## RECORDS SHOWN

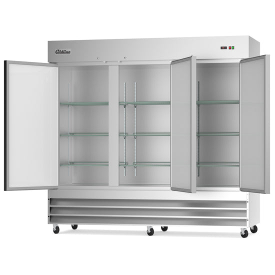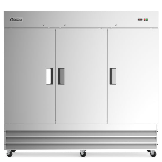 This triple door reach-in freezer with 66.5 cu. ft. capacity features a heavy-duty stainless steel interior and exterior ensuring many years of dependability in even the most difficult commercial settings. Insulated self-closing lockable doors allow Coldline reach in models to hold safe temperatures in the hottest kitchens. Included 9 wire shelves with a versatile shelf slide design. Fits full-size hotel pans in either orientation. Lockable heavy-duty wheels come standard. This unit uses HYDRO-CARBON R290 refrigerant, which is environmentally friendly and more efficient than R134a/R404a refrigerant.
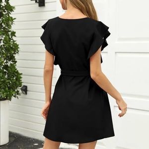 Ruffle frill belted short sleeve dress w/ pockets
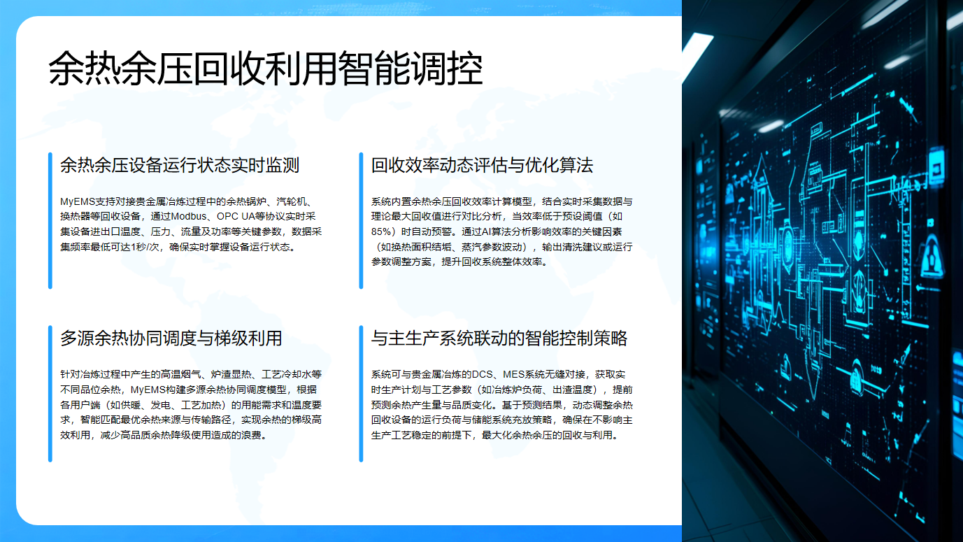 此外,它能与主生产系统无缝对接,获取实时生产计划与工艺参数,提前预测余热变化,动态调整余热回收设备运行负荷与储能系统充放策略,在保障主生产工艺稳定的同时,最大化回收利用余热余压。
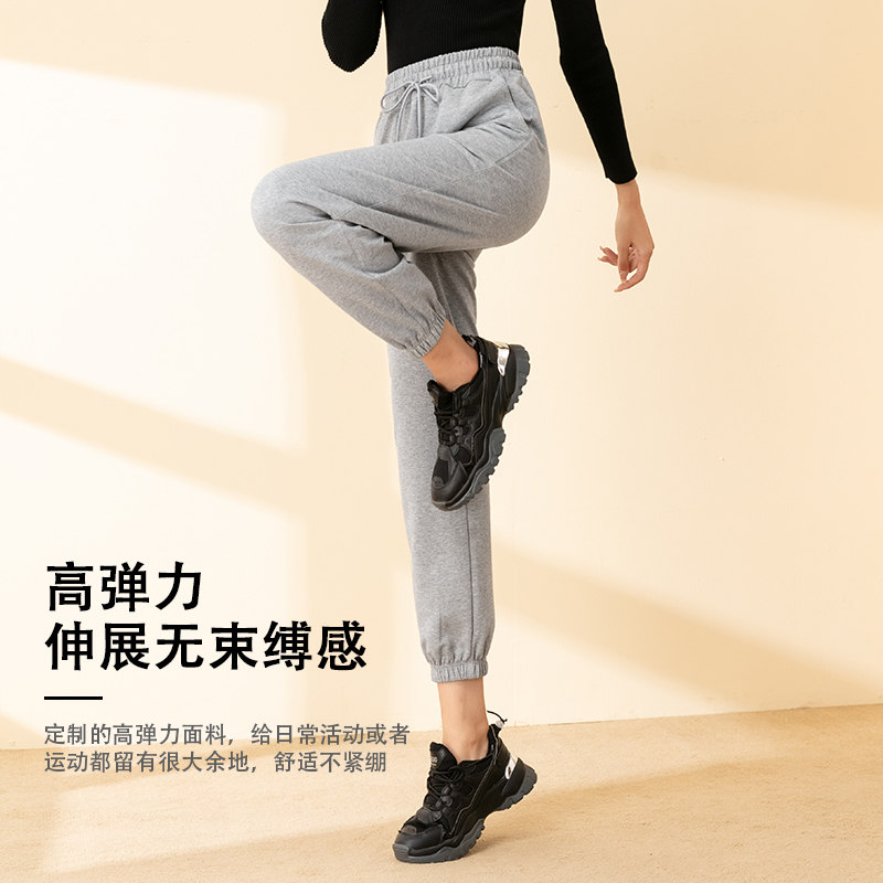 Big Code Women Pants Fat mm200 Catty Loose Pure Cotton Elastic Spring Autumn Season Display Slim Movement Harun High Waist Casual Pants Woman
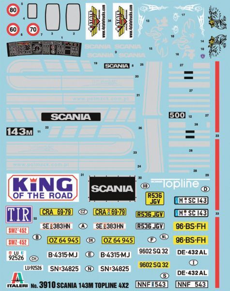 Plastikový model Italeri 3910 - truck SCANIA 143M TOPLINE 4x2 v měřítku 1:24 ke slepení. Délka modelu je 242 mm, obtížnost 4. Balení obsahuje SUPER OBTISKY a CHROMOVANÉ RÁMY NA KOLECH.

## WHAT TO PRODUCE
Exact repetition of all entries is required. The pictures should not appear.

## RESPONSE BELOW
 This triple door reach-in freezer with 66.5 cu. ft. capacity features a heavy-duty stainless steel interior and exterior ensuring many years of dependability in even the most difficult commercial settings. Insulated self-closing lockable doors allow Coldline reach in models to hold safe temperatures in the hottest kitchens. Included 9 wire shelves with a versatile shelf slide design. Fits full-size hotel pans in either orientation. Lockable heavy-duty wheels come standard. This unit uses HYDRO-CARBON R290 refrigerant, which is environmentally friendly and more efficient than R134a/R404a refrigerant.
 Ruffle frill belted short sleeve dress w/ pockets
 此外,它能与主生产系统无缝对接,获取实时生产计划与工艺参数,提前预测余热变化,动态调整余热回收设备运行负荷与储能系统充放策略,在保障主生产工艺稳定的同时,最大化回收利用余热余压。
 Big Code Women Pants Fat mm200 Catty Loose Pure Cotton Elastic Spring Autumn Season Display Slim Movement Harun High Waist Casual Pants Woman
 Plastikový model Italeri 3910 - truck SCANIA 143M TOPLINE 4x2 v měřítku 1:24 ke slepení. Délka modelu je 242 mm, obtížnost 4. Balení obsahuje SUPER OBTISKY a CHROMOVANÉ RÁMY NA KOLECH.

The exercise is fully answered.